-- Material for this task follows --

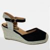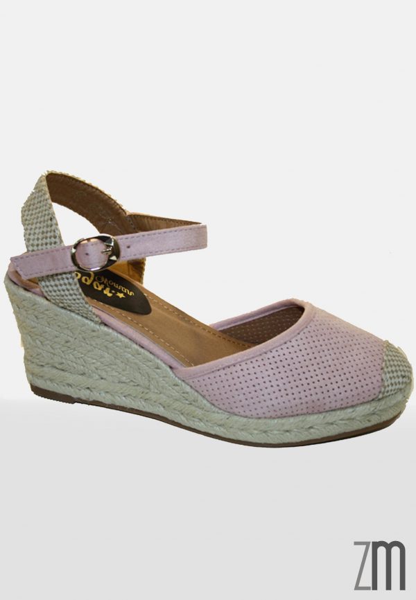 Valenciana en ante perforado de color rosa palo, cuña de cuerda natural. Calzado de importación.
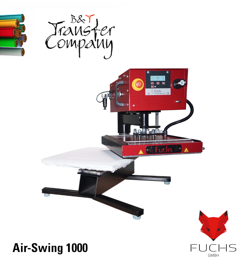 Um den Pressvorgang bei der pneumatischen Transferpresse Air-Swing 1000 zu starten, müssen aus Sicherheitsgründen zwei Drucktatser gleichzeitig solange gedrückt werden bis die Heizplatte auf der Arbeitsplatte aufliegt (2Hand Sicherheitsschaltung). Nach Ablauf der eingestellten Zeit öffnet die Transferpresse automatisch. Die Maschine besitzt auch eine manuelle Vor- bzw. Nachpress-Funktion. Das Schwenken erfolgt manuell. Der Anpressdruck kann exakt über einen Druckregler eingestellt werden.
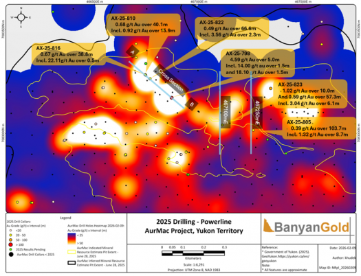 VANCOUVER, BC, Feb 17, 2026 - Banyan Gold Corp. (the "Company" or "Banyan") (TSX-V: BYN) (OTCQB: BYAGF) is pleased to announce it has intersected high-grade gold (“Au”) mineralization and visible gold (“VG”) in numerous intervals in central Powerline Deposit (“Powerline”) at its AurMac Project (“AurMac”), Yukon, Canada.
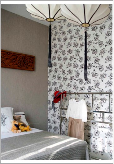 拖去老中的承重的步伐,我們以輕快、時(shí)尚的新中式來裝點(diǎn)屬于兩個(gè)人的世界。當(dāng)然即使是新中式,也不能一味堆砌中式元素。中式床榻經(jīng)過改良,線條流暢,時(shí)尚感十足,搭配色彩華麗的地毯,與墻上的裝飾畫相映成趣,大面積的灰色磚墻,中和了地毯的鮮艷,保持了空間的含蓄低調(diào)。
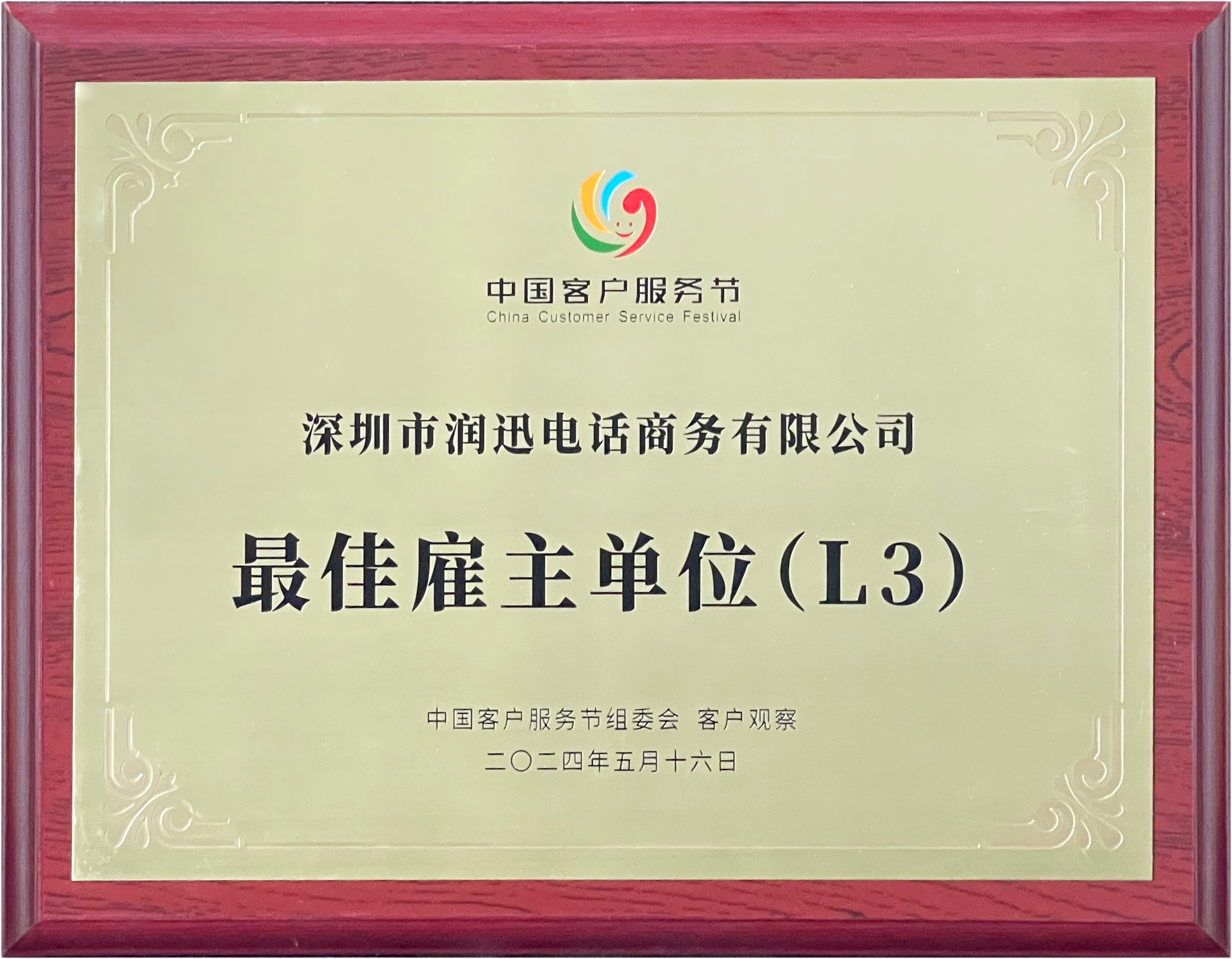 (润迅获颁“2024年中国客服服务节最佳雇主单位” )

-- Material for this task concluded --

■ Activity
Only the text of the entries above, transcribed exactly, should be given; leave out pictures.

■ Response
 Valenciana en ante perforado de color rosa palo, cuña de cuerda natural. Calzado de importación.
 Um den Pressvorgang bei der pneumatischen Transferpresse Air-Swing 1000 zu starten, müssen aus Sicherheitsgründen zwei Drucktatser gleichzeitig solange gedrückt werden bis die Heizplatte auf der Arbeitsplatte aufliegt (2Hand Sicherheitsschaltung). Nach Ablauf der eingestellten Zeit öffnet die Transferpresse automatisch. Die Maschine besitzt auch eine manuelle Vor- bzw. Nachpress-Funktion. Das Schwenken erfolgt manuell. Der Anpressdruck kann exakt über einen Druckregler eingestellt werden.
 VANCOUVER, BC, Feb 17, 2026 - Banyan Gold Corp. (the "Company" or "Banyan") (TSX-V: BYN) (OTCQB: BYAGF) is pleased to announce it has intersected high-grade gold (“Au”) mineralization and visible gold (“VG”) in numerous intervals in central Powerline Deposit (“Powerline”) at its AurMac Project (“AurMac”), Yukon, Canada.
 拖去老中的承重的步伐,我們以輕快、時(shí)尚的新中式來裝點(diǎn)屬于兩個(gè)人的世界。當(dāng)然即使是新中式,也不能一味堆砌中式元素。中式床榻經(jīng)過改良,線條流暢,時(shí)尚感十足,搭配色彩華麗的地毯,與墻上的裝飾畫相映成趣,大面積的灰色磚墻,中和了地毯的鮮艷,保持了空間的含蓄低調(diào)。
 (润迅获颁“2024年中国客服服务节最佳雇主单位” )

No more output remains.